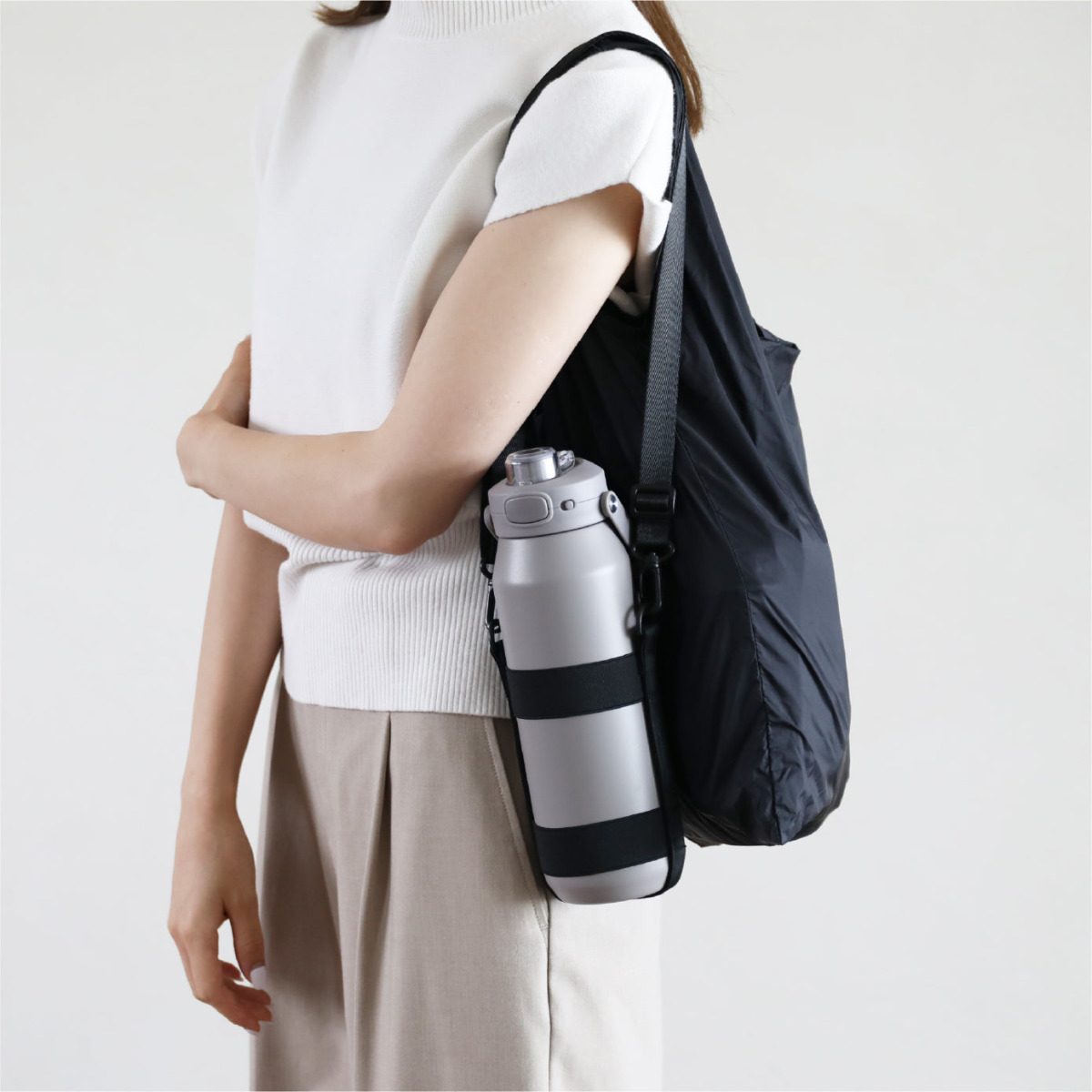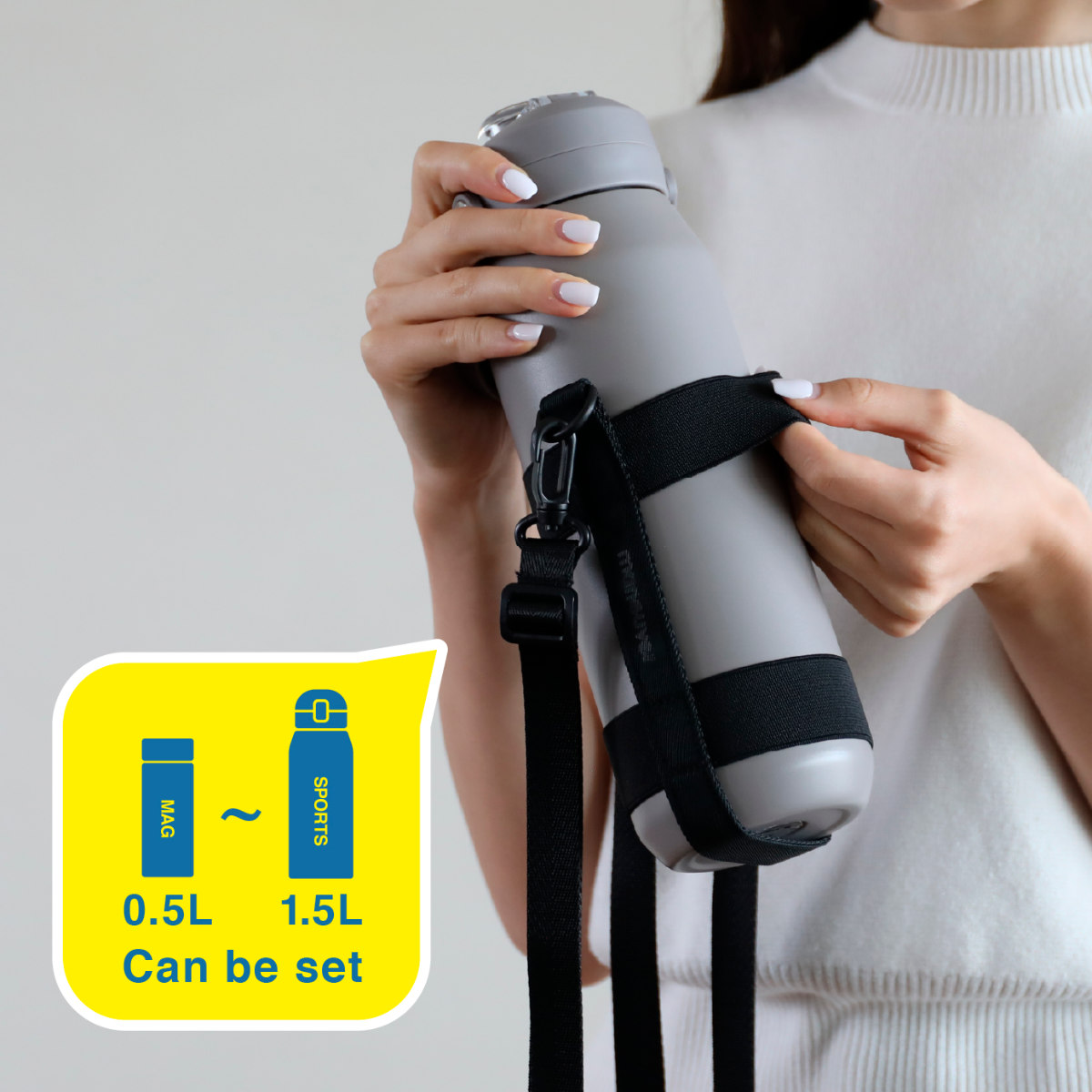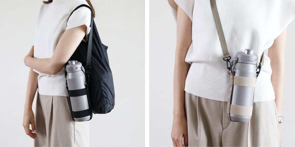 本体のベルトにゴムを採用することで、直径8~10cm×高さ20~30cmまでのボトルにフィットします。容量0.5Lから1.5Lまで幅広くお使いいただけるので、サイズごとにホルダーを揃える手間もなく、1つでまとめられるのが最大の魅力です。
--
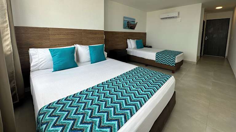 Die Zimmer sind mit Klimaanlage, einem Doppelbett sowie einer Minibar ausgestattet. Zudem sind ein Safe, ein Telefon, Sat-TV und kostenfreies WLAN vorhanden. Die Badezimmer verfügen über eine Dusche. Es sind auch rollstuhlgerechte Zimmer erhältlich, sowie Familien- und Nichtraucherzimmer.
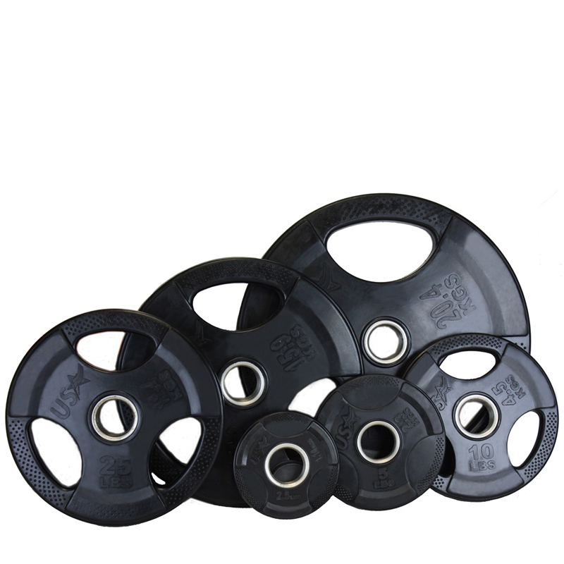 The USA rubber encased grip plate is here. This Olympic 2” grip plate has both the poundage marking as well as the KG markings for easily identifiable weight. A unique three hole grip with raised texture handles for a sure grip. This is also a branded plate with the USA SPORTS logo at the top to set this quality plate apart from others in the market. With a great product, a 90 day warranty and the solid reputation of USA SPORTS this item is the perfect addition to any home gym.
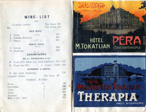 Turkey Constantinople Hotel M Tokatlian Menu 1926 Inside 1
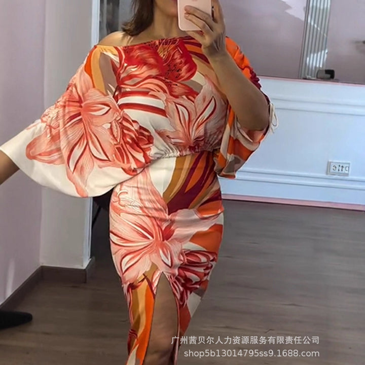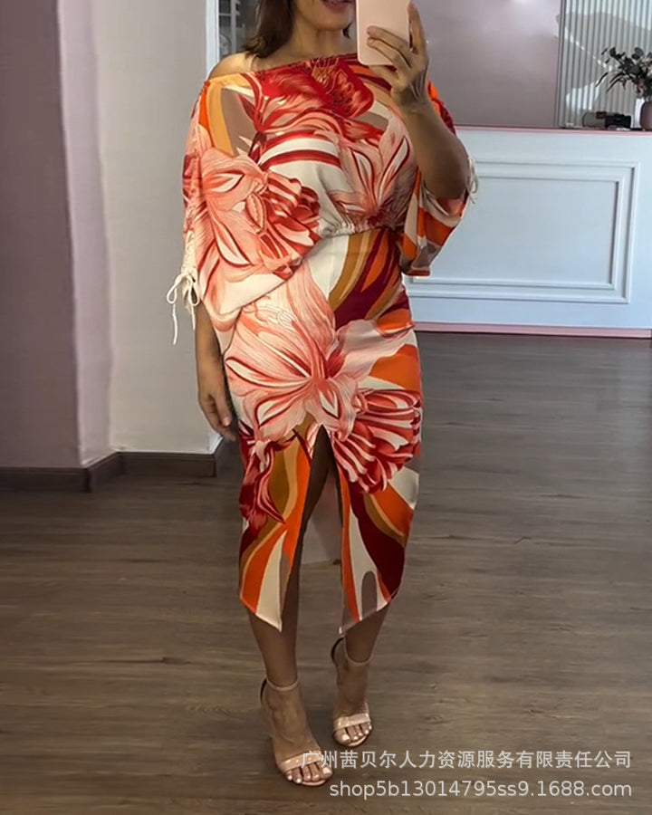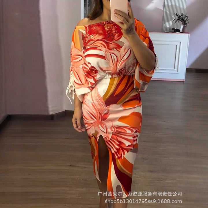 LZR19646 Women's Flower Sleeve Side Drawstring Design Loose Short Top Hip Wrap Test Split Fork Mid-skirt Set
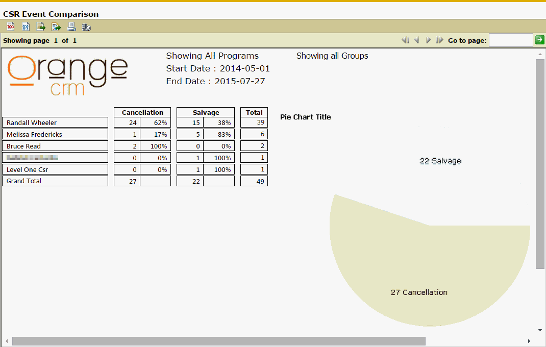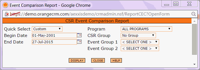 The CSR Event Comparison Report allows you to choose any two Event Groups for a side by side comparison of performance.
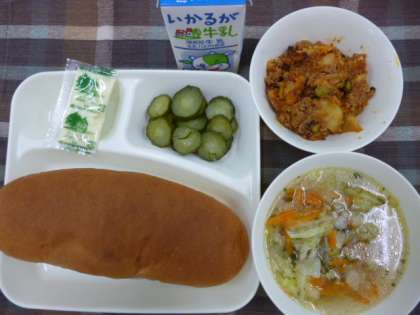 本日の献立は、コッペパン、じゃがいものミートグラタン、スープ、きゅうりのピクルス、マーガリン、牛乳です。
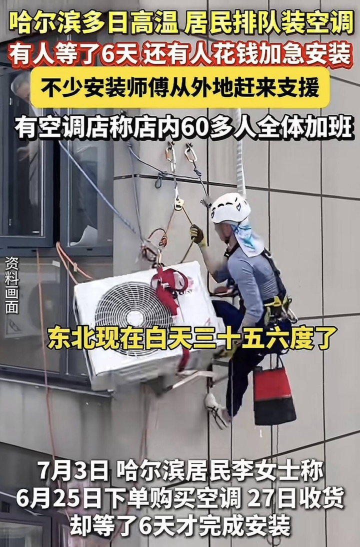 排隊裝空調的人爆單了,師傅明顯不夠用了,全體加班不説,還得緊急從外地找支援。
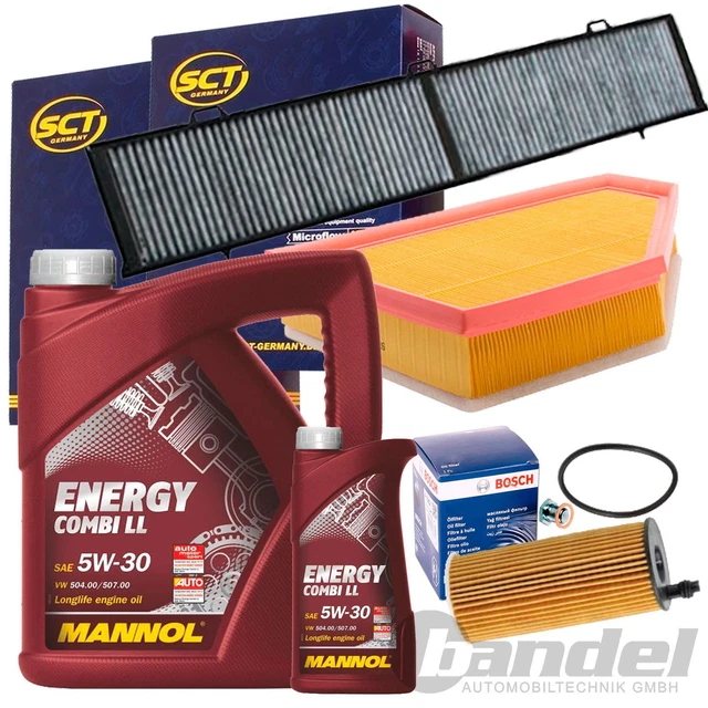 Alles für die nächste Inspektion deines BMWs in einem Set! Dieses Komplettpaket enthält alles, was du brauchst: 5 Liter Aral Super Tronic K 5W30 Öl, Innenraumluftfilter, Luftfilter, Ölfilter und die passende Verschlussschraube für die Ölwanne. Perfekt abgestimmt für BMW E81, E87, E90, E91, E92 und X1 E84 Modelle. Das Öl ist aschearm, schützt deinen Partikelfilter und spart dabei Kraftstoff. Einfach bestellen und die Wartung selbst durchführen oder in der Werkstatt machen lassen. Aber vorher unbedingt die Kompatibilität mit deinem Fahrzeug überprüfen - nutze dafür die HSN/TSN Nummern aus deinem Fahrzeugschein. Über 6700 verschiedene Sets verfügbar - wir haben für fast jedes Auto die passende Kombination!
--
Activity> Precisely those lines above that run from the line with "The CSR Event" up to and including the line with "排隊裝空調的人爆單了,師傅明顯不夠用了,全體加班不説,還得緊急從外地找支援。" are to be set down, with the pictures omitted.

Solved problem>
 The CSR Event Comparison Report allows you to choose any two Event Groups for a side by side comparison of performance.
 本日の献立は、コッペパン、じゃがいものミートグラタン、スープ、きゅうりのピクルス、マーガリン、牛乳です。
 排隊裝空調的人爆單了,師傅明顯不夠用了,全體加班不説,還得緊急從外地找支援。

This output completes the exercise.